Marines, you all hear the man's words but still do not trust him.

_"If you are a warhawk than where are the others of your regiment?"_ One of you demands, before Sijansur takes a step forward. "_You may not show signs of the plagues that have been affecting the Emperor's people, but that does not mean you are free of any taint. My brother is right in his words, where are your men?"_ The librarian says, seemingly ignoring the guardsman's own questions.

[Remember everyone, just because you can read it through the posts does not mean your character may know it, such as the names of other characters whom your character has not been told. Its sometimes easier to post with some of that stuff, but be careful how much you use.]


----------



## ACoz (Oct 23, 2007)

Zimm moves closer to the situation, flamer at the ready.

He knows his duty.


----------



## chrisman 007 (Jan 3, 2008)

"Been got by the plague," said Veldt. Terry's blade pressed into Veldt's neck "and for the emperor's sake get that thing out of neck." Veldt looked around. Everyone seemed to be pointing some kind of nasty implement at him. _Oh not again_ thought Veldt _And haven't even done anything this time._


----------



## bloodthrister (Mar 29, 2008)

''So tell me, why dont you have the plague?'' Rico said.
*''Don't you all think it's odd he didn't get the plague?''*
After that he pushed his PowerClaymore even harder at the neck of the guardsman. If it was just a little harder his neck woud start to bleed...


----------



## chrisman 007 (Jan 3, 2008)

"I don't know!" shouted Veldt, a drop of sweat dripping down his neck "What have I done wrong? Haven't you read the mission plan. I'm your guide!!" Veldt felt a pain in the back of his neck, as Rico's power claymore pushed further in. His sweat was mixed with blood. "Stand down! I'm innocent!"


----------



## ACoz (Oct 23, 2007)

"A Chaos trick... we should burn it and be done with the matter."


----------



## chrisman 007 (Jan 3, 2008)

"And how would you know?" said the now panic stricken Veldt "You have no proof! You have no evidence! How do you know? Haven't you read the mission file? I'M YOUR GUIDE!!!"


----------



## darkreever (Apr 3, 2008)

Veldt, as members of the team continue to push their weapons into, the one that stepped closer a moment ago speaks to you again. _Our briefing included nothing of a guide, but your words are true even if you do 'feel' odd."_ He said, and before anything more could be said a chilling shriek filled the air before hundreds of other's followed it.

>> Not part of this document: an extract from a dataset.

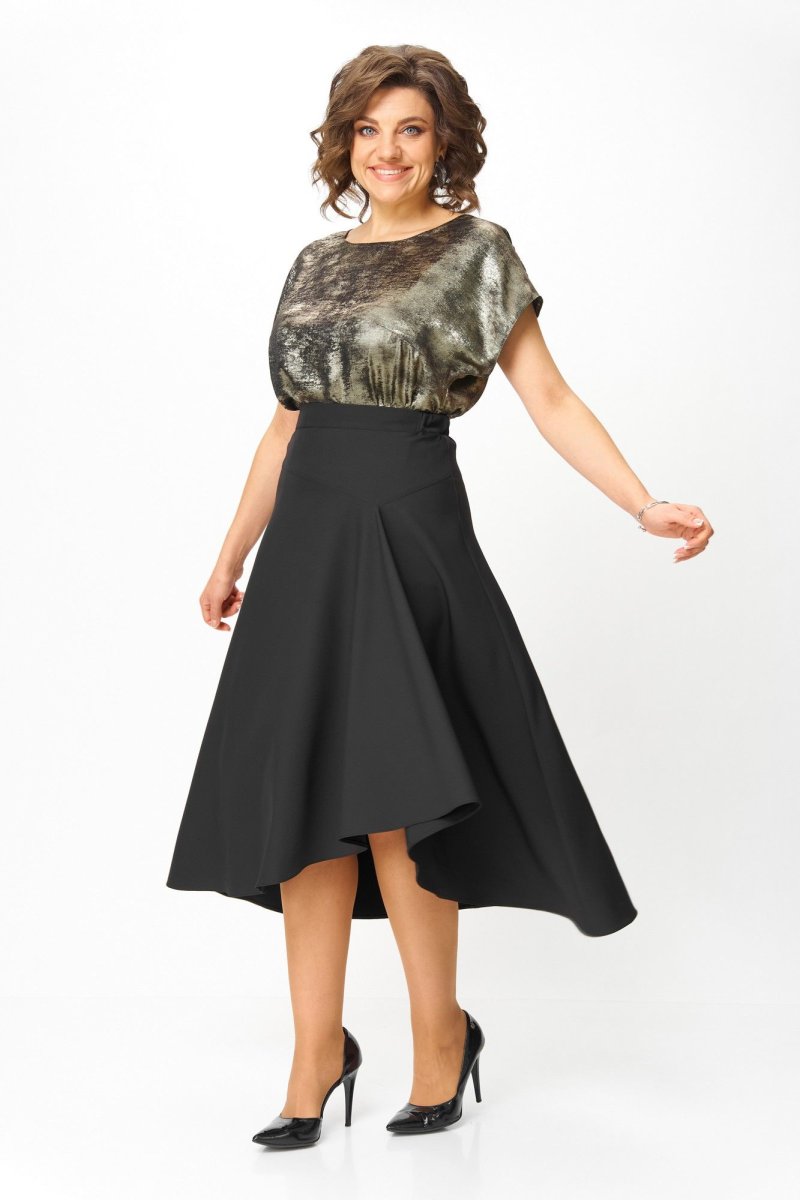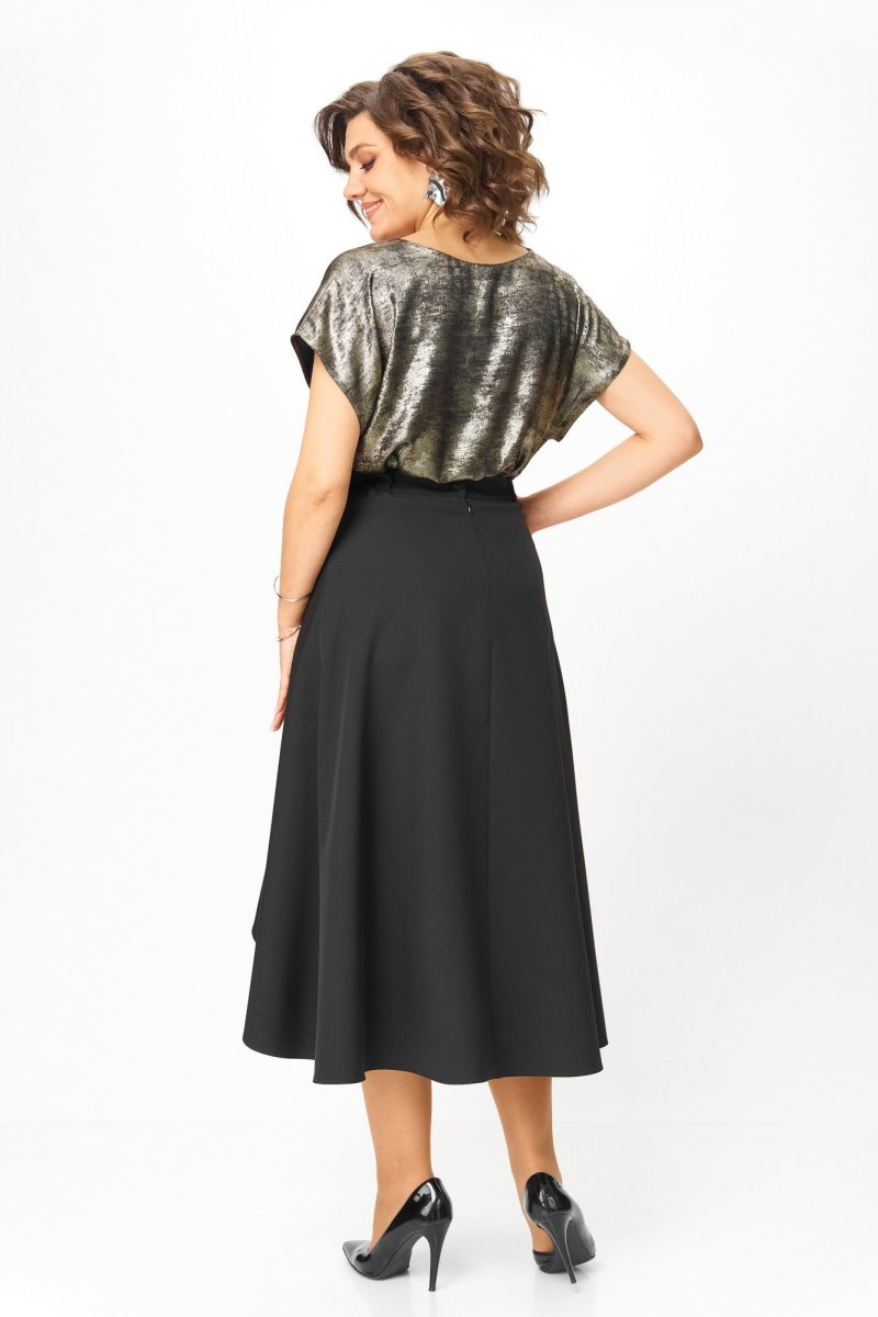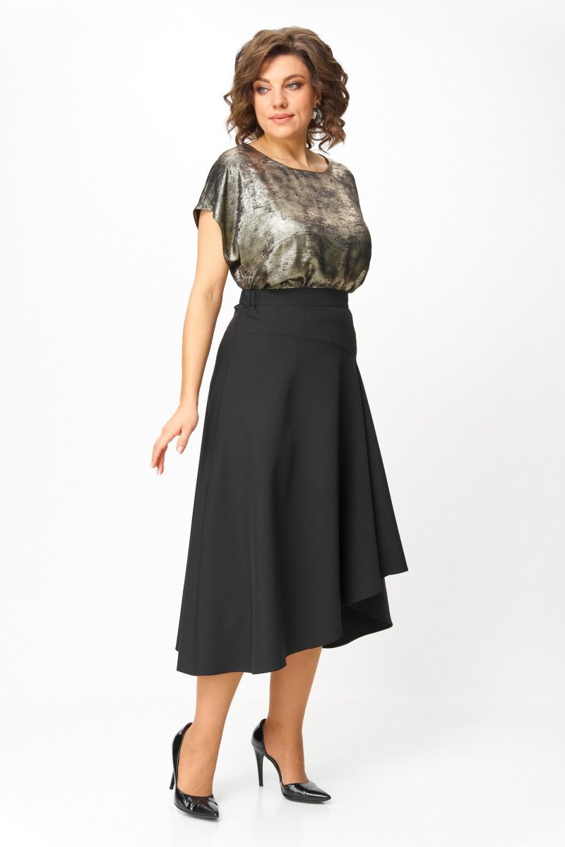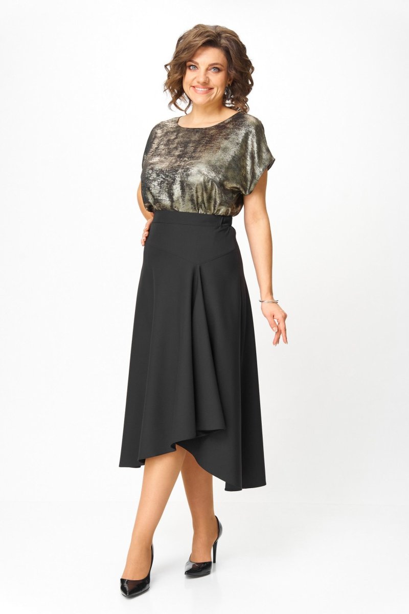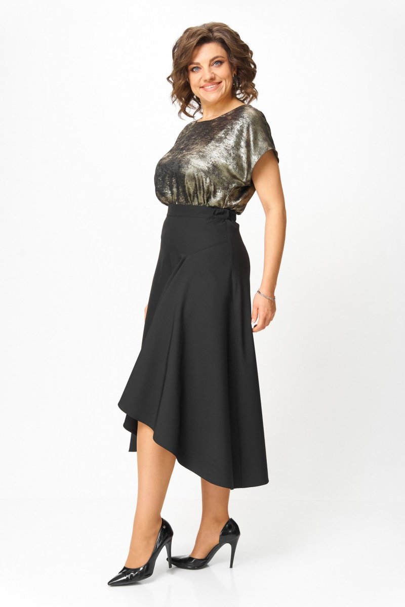 Передняя часть юбки с отрезной кокеткой и конструктивным элементом в виде драпировки и укороченного низа в области левой ноги. Задняя часть юбки со средним швом, в верхней части которго обработана потайная молния. Юбка на притачном поясе, с эластичной тесьмой и застежкой на петлю и пуговицу.

One of the deathwatch marines, the one with the heavy weapon who had been pushing the glaive into Veldt's throat, moved over to the side of the roof and saw dozens of people rushing towards the precinct house they were on right now. It appeared that the thunderhawk's engines had attracted more than one lone guardsman. Despite the distance of the people from the building, and from the elevated height the marine stood at, he could make out the most faint of details; pallid skin and tattered clothes and a wrongness.

_"We have other company approaching us, and I do not think they are friendly."_ He said while running back to the others, as the marine from before nodded. _"Brother Corvix is right, the people coming here have been driven mad by something and will be a threat."_ Looking at Veldt, the marine spoke to him directly, _"Lt. whether you are infected in anyway we cannot confirm, but you are not guilty of anything at this moment, follow us."_

All, the group moves down into the arbites complex, the astartes moving through the dark corridors with no problem, apparently able to see as if it was bright as day. Veldt has more difficulty, and nearly trips several times over various things he couldn't see. The group make their way forward, through turns and down two separate stairwells, the sounds of the madmen having grown distant long ago.

Rounding another corner, the team is forced to stop dead in their tracks; the group Corvix had seen before had apparently been with them all this time and had somehow gotten ahead of them. These people, a mix of both men and women, wore tattered clothes, one man wore the shredded fatigues of a pdf sergeant while another had the clothes of a guardsman from another regiment.

The team was now faced with a problem, these people were in the way of getting out of the complex. They could be engaged, and most likely killed, but the fighting might draw the attention of others. The team could look for an alternate way out, but they might be discovered that way just like they might by fighting.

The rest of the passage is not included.